UNITED STATES DISTRICT COURT SOUTHERN DISTRICT OF CALIFORNIA
June 30, 2010
STANLEY E. SINGLETON, PETITIONER,
SAM ALVARODO, PAROLE AGENT, ET AL., RESPONDENTS.
The opinion of the court was delivered by: Hon. Anthony J. Battaglia U.S. Magistrate Judge United States District Court
ORDER DENYING PETITIONER'S REQUEST FOR DISCOVERY; GRANTING PETITIONER'S APPLICATION FOR EXTENSION OF TIME TO FILE TRAVERSE [Doc. No. 20.]
Petitioner Stanley Singleton (hereinafter "Petitioner"), a state prisoner proceeding pro se, filed a petition for writ of habeas corpus pursuant to 28 U.S.C. § 2254 challenging his parole revocation hearing. On May 18, 2010, Petitioner filed an ex parte application for extension of time to file a traverse and an application to serve discovery requests on Respondents. He also filed proposed interrogatories and request for admissions as required under the Rules Governing Habeas Corpus Cases Under Section 2254. Respondents filed an opposition on June 22, 2010.

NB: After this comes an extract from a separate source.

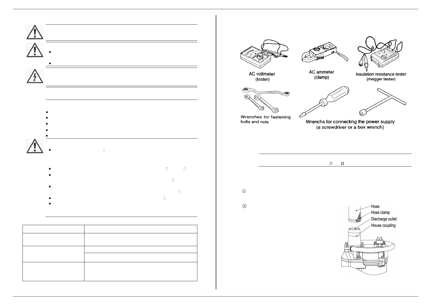 Listed below are tools and instruments that are needed to install the submersible pump for

On October 1, 2007, while on parole, Petitioner was arrested for vandalism, drunk in public and resisting a peace officer. (Pet. at 6, Exs. A & B; Notice of Lodgment ("Lodgment") 2.) His parole was placed on hold. (Lodgment 2.) On October 29, 2007, a parole revocation hearing was held. (Lodgment 4.) The charges for vandalism and drunk in public were dismissed and Petitioner was assessed an eight month revocation term for resisting arrest. (Pet., Ex. D.)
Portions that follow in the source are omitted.